* **Work item**
Write out each record in full and exactly as given. Skip any pictures.

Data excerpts
[Start of Attachment]
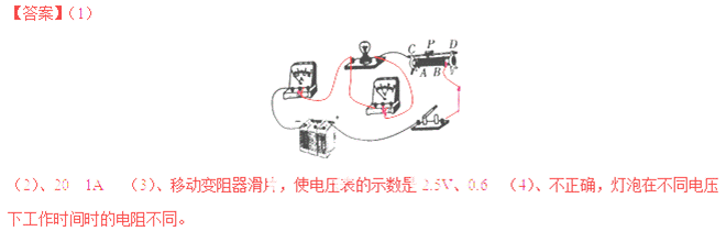 (2)实验时,电源电压为6V,小灯泡的电阻大约为10Ω.滑动变阻器有“10( 2A”和“20( 1A”两种供你选择,应该选择_______的滑动变阻器.
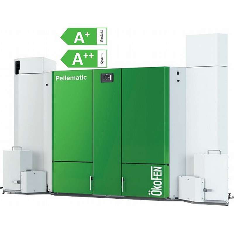 Pellematic Maxi 15-96 kW med sugesystem til transport af træpiller fra en ekstern silo. Pellematic Maxi er velegnet til kaskadeopbyning og er specielt udviklet til opvarmning af de større bygninger, virksomheder, institutioner med flere. Med intelligent varmestyring. Fyret er fuldautomatisk med automatisk daglig rens og indeholder en smart teknolog, som gør det nemt at have pillefyr. Der er ikke noget dagligt vedligeholdelse. Virkningsgraden er høj og kvaliteten i top. Se bare de mange fordele herunder.
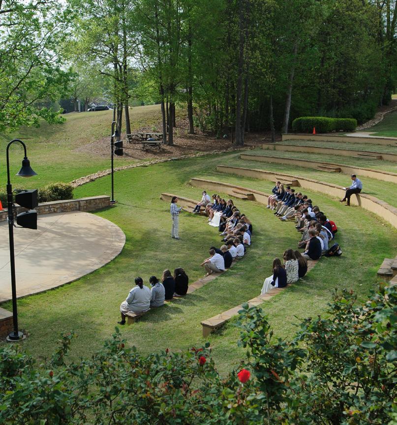 The scenic center of campus is a beehive of learning. Students from each division regularly take advantage of the picturesque greenspace or simply enjoy a breath of fresh air on their way to the Innovation Lab, musical arts classrooms, or Campus Store.
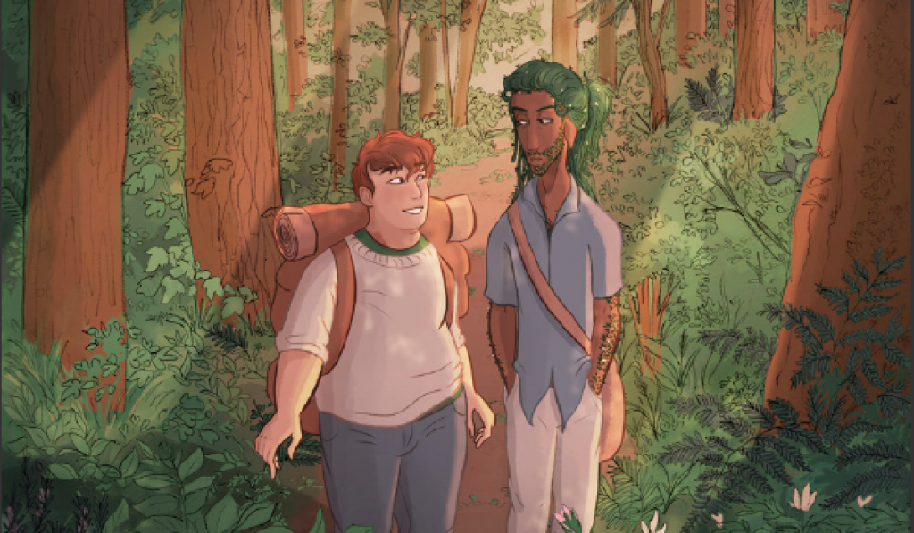 And speaking of the artwork- wow! Conner has an impressive skill at drawing natural backgrounds, from dense forests to billowing waterfalls. Chepi and Janek are expressive and emotive all throughout, though the character design for Chepi and the other nymphs is particularly interesting. Conner gives the nymphs a blue-gray tint that reminds me of how Vishnu is often depicted in Hindu artwork. Something else Finding Home‘s artwork does well is how it depicts light sources. Campfires are warm and flickering and sharp rays of sunlight penetrate the layers of trees that Chepi and Janek hike through. All in all, the artwork in this comic is a treat for the eyes.
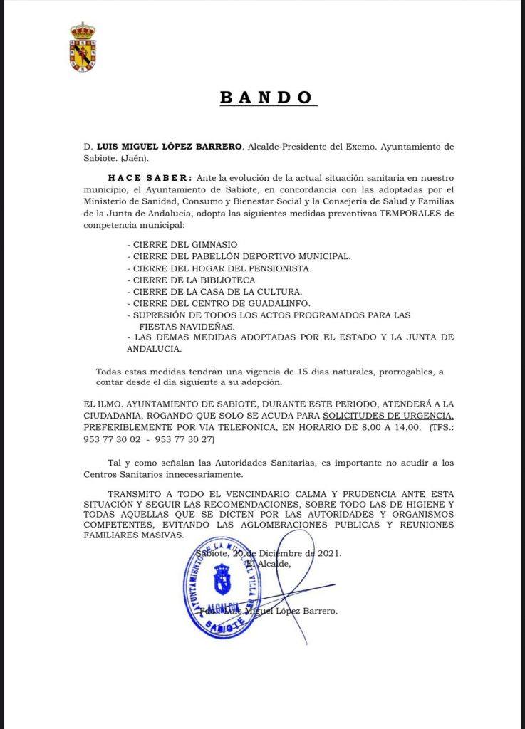 Sabiote, primer municipio jienense sin actividades navideñas por el aumento descontrolado de nuevos casos de covid-19. El alcalde de Sabiote, Luis Miguel López (PSOE), ... ha emitido un bando en el que se comunica el cierre de instalaciones municipales y la supresión de la programación navideña hasta el próximo 4 de enero debido al aumento de los contagios que han llevado al municipio a situarse como el de mayor tasa de incidencia de la provincia de Jaén, con 3.293,9 positivo por cada 100.000 habitantes en los últimos 14 días.
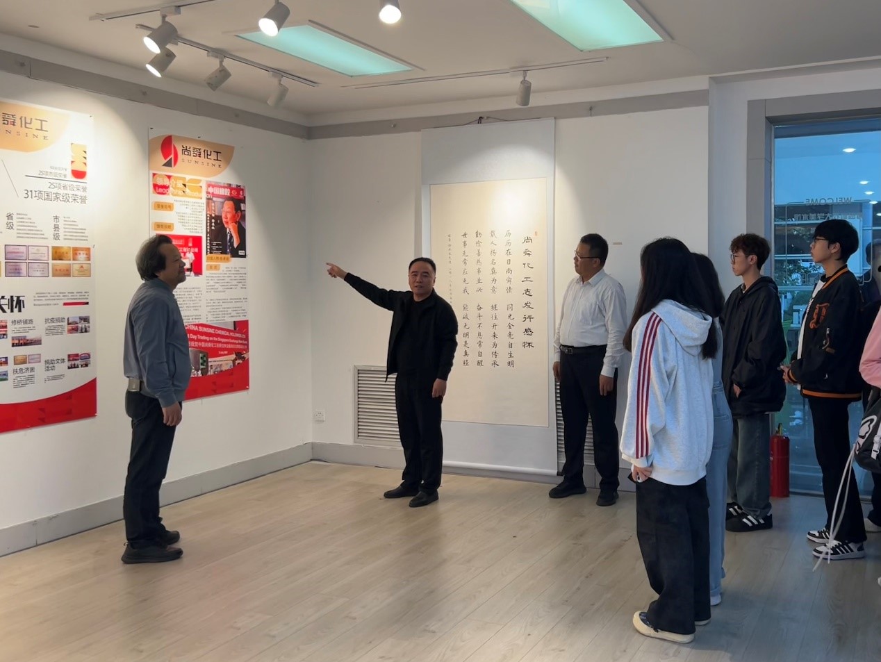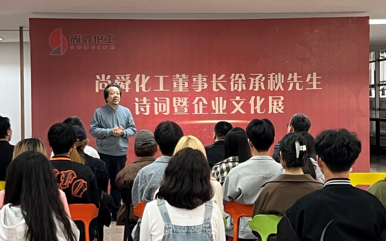 为进一步凝聚校企合作力量,探索校企协同育人的人才培养模式,全面提升学生的综合素养,10月18日下午,尚舜化工董事长徐承秋先生诗词暨Netflav展览活动在崂山校区Netflav 美术馆举行。1996届校友、尚舜化工办公室主任潘鹏勇,Netflav 院长李宏文,党委书记刘庆出席活动。活动由刘庆主持。
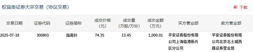 指南针今日大宗交易折价成交13.45万股,成交额1000.01万元
[End of Attachment]
* **Solved problem**
 (2)实验时,电源电压为6V,小灯泡的电阻大约为10Ω.滑动变阻器有“10( 2A”和“20( 1A”两种供你选择,应该选择_______的滑动变阻器.
 Pellematic Maxi 15-96 kW med sugesystem til transport af træpiller fra en ekstern silo. Pellematic Maxi er velegnet til kaskadeopbyning og er specielt udviklet til opvarmning af de større bygninger, virksomheder, institutioner med flere. Med intelligent varmestyring. Fyret er fuldautomatisk med automatisk daglig rens og indeholder en smart teknolog, som gør det nemt at have pillefyr. Der er ikke noget dagligt vedligeholdelse. Virkningsgraden er høj og kvaliteten i top. Se bare de mange fordele herunder.
 The scenic center of campus is a beehive of learning. Students from each division regularly take advantage of the picturesque greenspace or simply enjoy a breath of fresh air on their way to the Innovation Lab, musical arts classrooms, or Campus Store.
 And speaking of the artwork- wow! Conner has an impressive skill at drawing natural backgrounds, from dense forests to billowing waterfalls. Chepi and Janek are expressive and emotive all throughout, though the character design for Chepi and the other nymphs is particularly interesting. Conner gives the nymphs a blue-gray tint that reminds me of how Vishnu is often depicted in Hindu artwork. Something else Finding Home‘s artwork does well is how it depicts light sources. Campfires are warm and flickering and sharp rays of sunlight penetrate the layers of trees that Chepi and Janek hike through. All in all, the artwork in this comic is a treat for the eyes.
 Sabiote, primer municipio jienense sin actividades navideñas por el aumento descontrolado de nuevos casos de covid-19. El alcalde de Sabiote, Luis Miguel López (PSOE), ... ha emitido un bando en el que se comunica el cierre de instalaciones municipales y la supresión de la programación navideña hasta el próximo 4 de enero debido al aumento de los contagios que han llevado al municipio a situarse como el de mayor tasa de incidencia de la provincia de Jaén, con 3.293,9 positivo por cada 100.000 habitantes en los últimos 14 días.
 为进一步凝聚校企合作力量,探索校企协同育人的人才培养模式,全面提升学生的综合素养,10月18日下午,尚舜化工董事长徐承秋先生诗词暨Netflav展览活动在崂山校区Netflav 美术馆举行。1996届校友、尚舜化工办公室主任潘鹏勇,Netflav 院长李宏文,党委书记刘庆出席活动。活动由刘庆主持。
 指南针今日大宗交易折价成交13.45万股,成交额1000.01万元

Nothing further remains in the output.